I told him about the job, that Strickland had hired me for that museum trip to Boston, a sale of his materials.
“That’s certainly probable,” he said. “You see, that’s where the money came from. He wasn’t really all that rich, but he had that collection. And he was selling it, bit by bit. He’d work up some matching grant or other, then he’d sell something and donate the money as a gesture. And that would lay some guilt on the others, politicians and the wealthy. He was strategic about it. He had some choice stuff in Orleans.”
“Were you ever there?” I said.
“In Orleans? No. No, I wasn’t. And when he was there he didn’t visit me either. It was our agreement. And he was ill and needed that rest. His work was very important, and it gave me something important too for a while. I’m an old man now, and meaning comes hard.”
“He didn’t visit?” I said. “How could that be? Don’t you live here, in Philadelphia?”
“Fuck no,” he said. “I live at the Manor.”
“You mean, in Provincetown?”
“Not exactly,” he said. “In Truro.”
“Of course,” I said, thinking of Carlos and how close I’d been to this man, just a few yards beyond the solarium screen when I’d visited.
“The lists,” I said. “The missing stuff.

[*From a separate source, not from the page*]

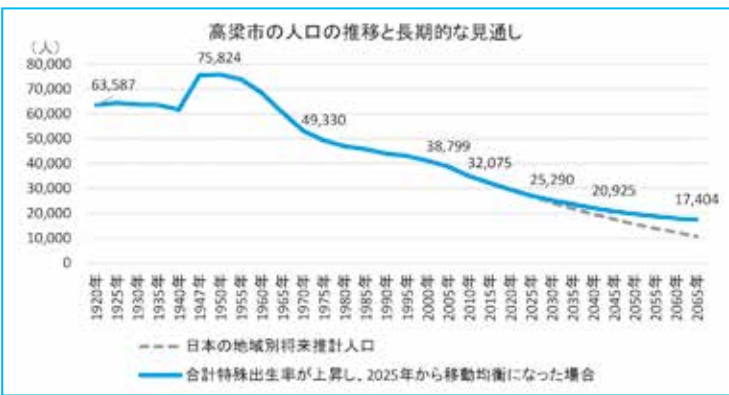
高梁市人口ビジョンより

市長 新しい総合計画では30人以上下学級や義務教育学校など、特色ある教育環境、医療・福祉の充実

Can you tell me about that?”
It had grown chilly in the room, and I pointed to his cup as I spoke. I wanted coffee myself now, and I rose and went back to the table near the bed. I could feel a dampness at my collar, a breeze blowing in from somewhere, and I buttoned the top button. He was talking, filling in the background of his time with Strickland, that he had been his secretary, just for the AIDS patients, a traveling secretary, on hand for house visits and for the setting up and administering of hospices around the city. He spoke of the irony of this one, a chapel connected to a bar, of the Catholic Church and of condoms, needle exchanges and Strickland’s involvement in the writing and dissemination of information about safe sex. I thought he might be getting to the question of the lists, and I was thinking of Sara, my lost wife, and about Beth, Charlie’s daughter, who had died before love, and I found myself standing at the table behind him, holding the cup, his voice muffled as it drifted back over his shoulders. I think I turned then, and I can remember my body shaking, just the skin and muscle, as if I were the bones inside my body and the covering flesh were garments. They seemed to swell out from the bones as I stepped around him and moved back to the chair. He was still talking, of Carlos now and the table in the kitchen in Provincetown, and of the lighthouse, and I was sitting down at the table and he was holding the pot, and I held my cup out for him to fill it. But the cup was lowering in my hand, and I couldn’t hold it up, and I was watching my extended arm and my hand and the cup as I sat down. But the chair was gone and I was falling and the cup was falling and I saw bands of filtered light, colorful, then fading as I continued to fall. Then darkness was coming in over me, and he was speaking of manuscripts and of the smell of something clotted in the room and of Tampico and a plane lifting up from a dirt runway, and I was falling back in the seat as the plane rose, entering into a night of a thousand bright stars, and someone was reaching out for me in some vague sexuality and I was warning them away, and we were going somewhere.